Your task - Your reply should be the entries, output word for word, with each picture omitted.

Input data section start

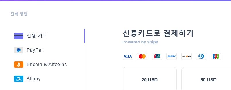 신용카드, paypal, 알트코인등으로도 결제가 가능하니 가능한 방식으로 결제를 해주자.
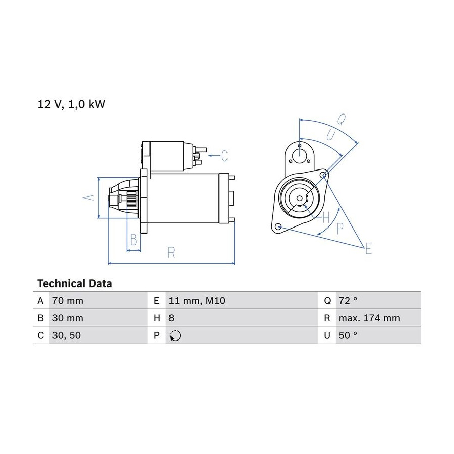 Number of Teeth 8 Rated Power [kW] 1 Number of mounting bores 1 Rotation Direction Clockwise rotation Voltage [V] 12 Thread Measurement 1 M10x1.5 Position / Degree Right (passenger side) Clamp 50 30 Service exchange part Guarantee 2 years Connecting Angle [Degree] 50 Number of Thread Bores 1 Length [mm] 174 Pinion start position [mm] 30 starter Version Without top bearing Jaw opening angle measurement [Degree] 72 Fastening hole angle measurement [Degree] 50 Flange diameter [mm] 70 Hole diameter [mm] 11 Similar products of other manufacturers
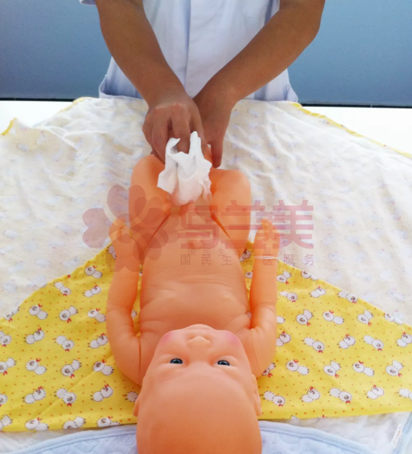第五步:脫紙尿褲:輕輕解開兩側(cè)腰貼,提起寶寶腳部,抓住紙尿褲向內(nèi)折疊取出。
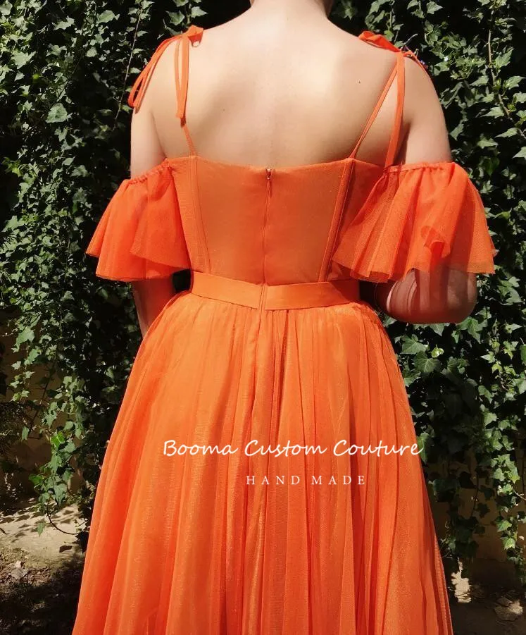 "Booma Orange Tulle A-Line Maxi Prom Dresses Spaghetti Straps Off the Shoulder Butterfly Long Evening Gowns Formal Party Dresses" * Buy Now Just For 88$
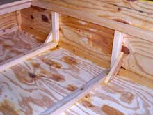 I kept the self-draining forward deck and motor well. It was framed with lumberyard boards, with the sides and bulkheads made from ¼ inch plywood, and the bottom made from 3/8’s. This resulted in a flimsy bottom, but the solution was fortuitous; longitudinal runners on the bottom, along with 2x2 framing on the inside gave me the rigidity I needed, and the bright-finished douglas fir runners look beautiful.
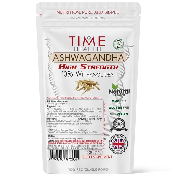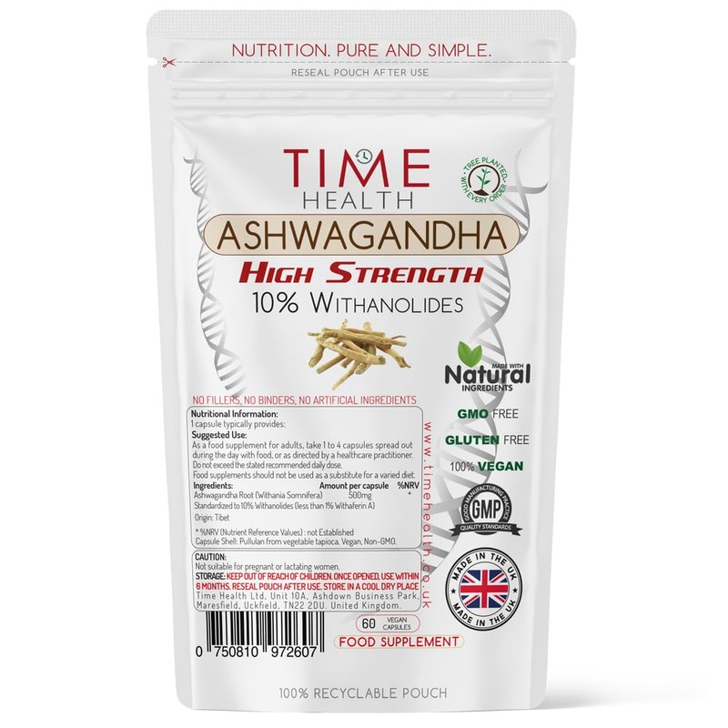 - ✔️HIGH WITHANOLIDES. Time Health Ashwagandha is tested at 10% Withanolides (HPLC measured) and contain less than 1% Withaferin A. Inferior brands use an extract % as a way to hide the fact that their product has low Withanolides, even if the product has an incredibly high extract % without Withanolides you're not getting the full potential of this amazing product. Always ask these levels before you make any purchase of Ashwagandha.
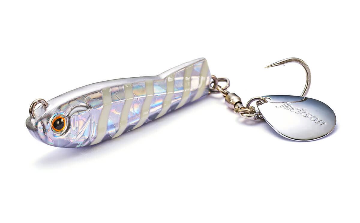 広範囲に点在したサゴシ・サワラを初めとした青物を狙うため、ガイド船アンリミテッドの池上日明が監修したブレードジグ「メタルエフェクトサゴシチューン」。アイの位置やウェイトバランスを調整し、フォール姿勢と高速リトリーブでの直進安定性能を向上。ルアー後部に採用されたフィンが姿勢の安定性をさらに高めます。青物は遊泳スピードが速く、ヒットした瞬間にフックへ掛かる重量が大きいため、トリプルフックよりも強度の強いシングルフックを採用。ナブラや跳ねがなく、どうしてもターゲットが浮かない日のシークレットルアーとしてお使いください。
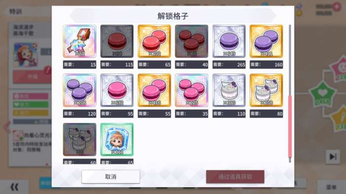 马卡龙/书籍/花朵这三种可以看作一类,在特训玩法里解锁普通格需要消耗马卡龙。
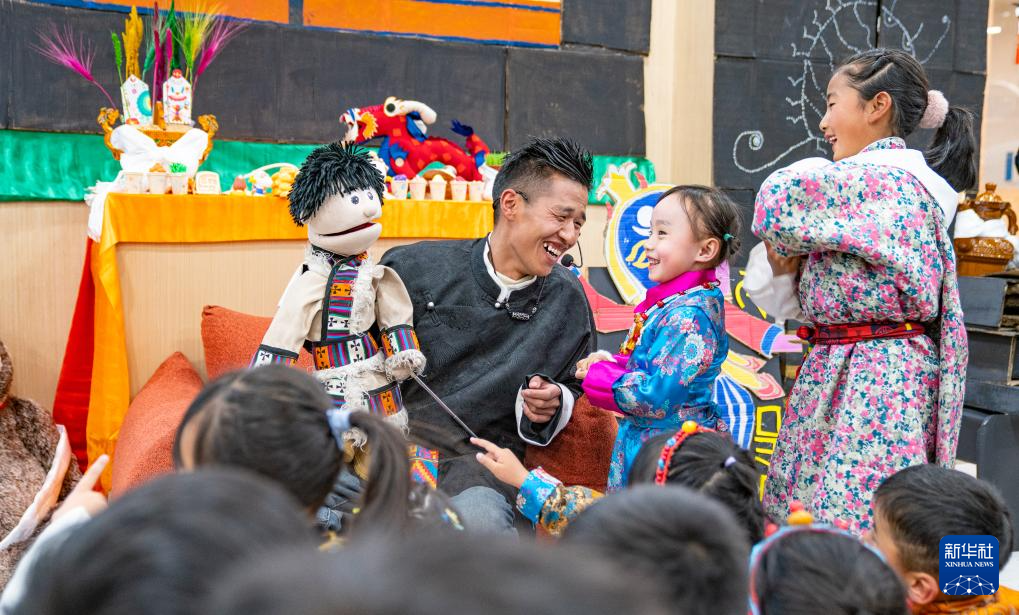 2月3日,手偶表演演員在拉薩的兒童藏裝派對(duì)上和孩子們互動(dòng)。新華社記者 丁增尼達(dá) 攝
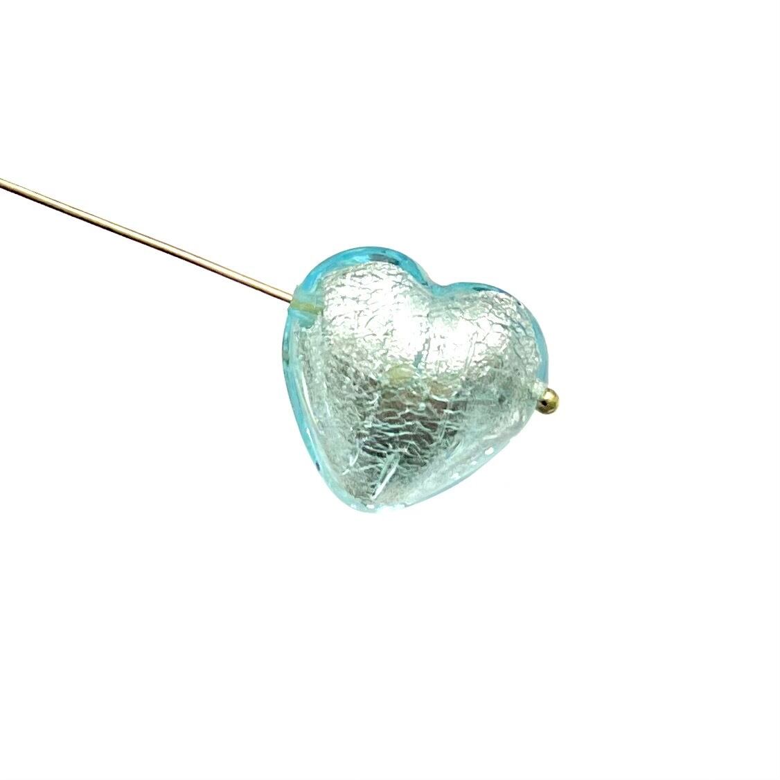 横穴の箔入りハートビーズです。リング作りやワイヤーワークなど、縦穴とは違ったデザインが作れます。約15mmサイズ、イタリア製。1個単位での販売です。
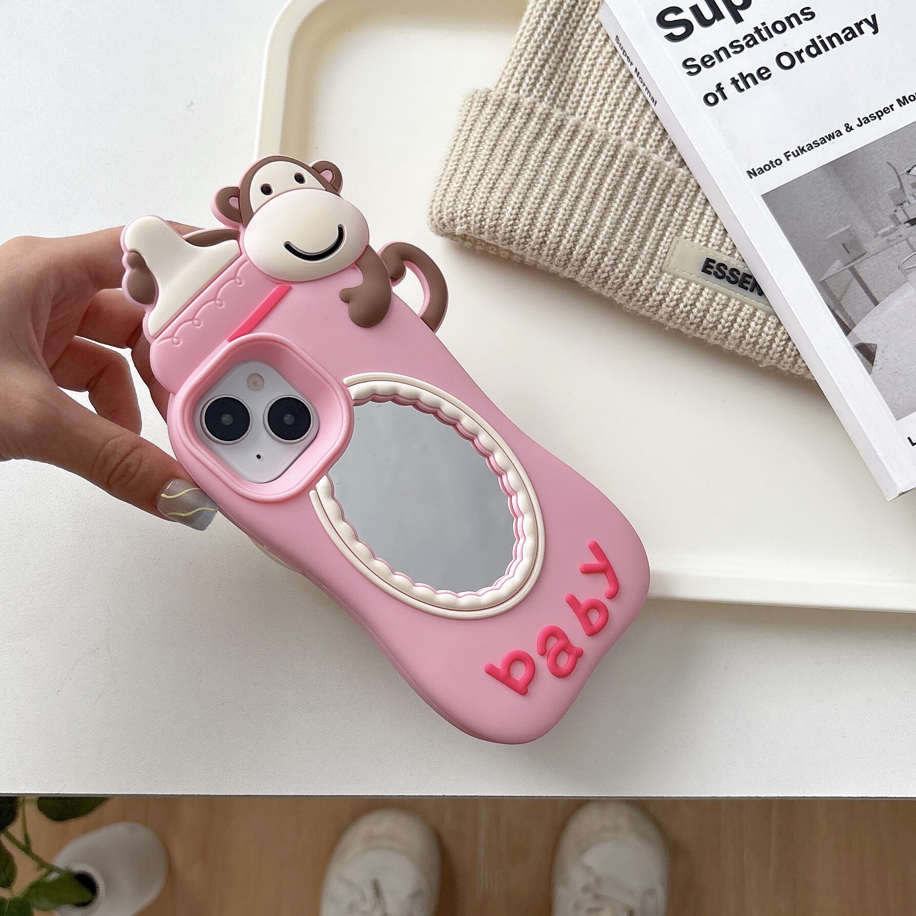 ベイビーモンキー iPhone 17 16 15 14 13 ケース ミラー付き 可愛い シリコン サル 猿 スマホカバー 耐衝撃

Input data section end

Exercise output -
 신용카드, paypal, 알트코인등으로도 결제가 가능하니 가능한 방식으로 결제를 해주자.
 Number of Teeth 8 Rated Power [kW] 1 Number of mounting bores 1 Rotation Direction Clockwise rotation Voltage [V] 12 Thread Measurement 1 M10x1.5 Position / Degree Right (passenger side) Clamp 50 30 Service exchange part Guarantee 2 years Connecting Angle [Degree] 50 Number of Thread Bores 1 Length [mm] 174 Pinion start position [mm] 30 starter Version Without top bearing Jaw opening angle measurement [Degree] 72 Fastening hole angle measurement [Degree] 50 Flange diameter [mm] 70 Hole diameter [mm] 11 Similar products of other manufacturers
第五步:脫紙尿褲:輕輕解開兩側(cè)腰貼,提起寶寶腳部,抓住紙尿褲向內(nèi)折疊取出。
 "Booma Orange Tulle A-Line Maxi Prom Dresses Spaghetti Straps Off the Shoulder Butterfly Long Evening Gowns Formal Party Dresses" * Buy Now Just For 88$
 I kept the self-draining forward deck and motor well. It was framed with lumberyard boards, with the sides and bulkheads made from ¼ inch plywood, and the bottom made from 3/8’s. This resulted in a flimsy bottom, but the solution was fortuitous; longitudinal runners on the bottom, along with 2x2 framing on the inside gave me the rigidity I needed, and the bright-finished douglas fir runners look beautiful.
 - ✔️HIGH WITHANOLIDES. Time Health Ashwagandha is tested at 10% Withanolides (HPLC measured) and contain less than 1% Withaferin A. Inferior brands use an extract % as a way to hide the fact that their product has low Withanolides, even if the product has an incredibly high extract % without Withanolides you're not getting the full potential of this amazing product. Always ask these levels before you make any purchase of Ashwagandha.
 広範囲に点在したサゴシ・サワラを初めとした青物を狙うため、ガイド船アンリミテッドの池上日明が監修したブレードジグ「メタルエフェクトサゴシチューン」。アイの位置やウェイトバランスを調整し、フォール姿勢と高速リトリーブでの直進安定性能を向上。ルアー後部に採用されたフィンが姿勢の安定性をさらに高めます。青物は遊泳スピードが速く、ヒットした瞬間にフックへ掛かる重量が大きいため、トリプルフックよりも強度の強いシングルフックを採用。ナブラや跳ねがなく、どうしてもターゲットが浮かない日のシークレットルアーとしてお使いください。
 马卡龙/书籍/花朵这三种可以看作一类,在特训玩法里解锁普通格需要消耗马卡龙。
 2月3日,手偶表演演員在拉薩的兒童藏裝派對(duì)上和孩子們互動(dòng)。新華社記者 丁增尼達(dá) 攝
 横穴の箔入りハートビーズです。リング作りやワイヤーワークなど、縦穴とは違ったデザインが作れます。約15mmサイズ、イタリア製。1個単位での販売です。
 ベイビーモンキー iPhone 17 16 15 14 13 ケース ミラー付き 可愛い シリコン サル 猿 スマホカバー 耐衝撃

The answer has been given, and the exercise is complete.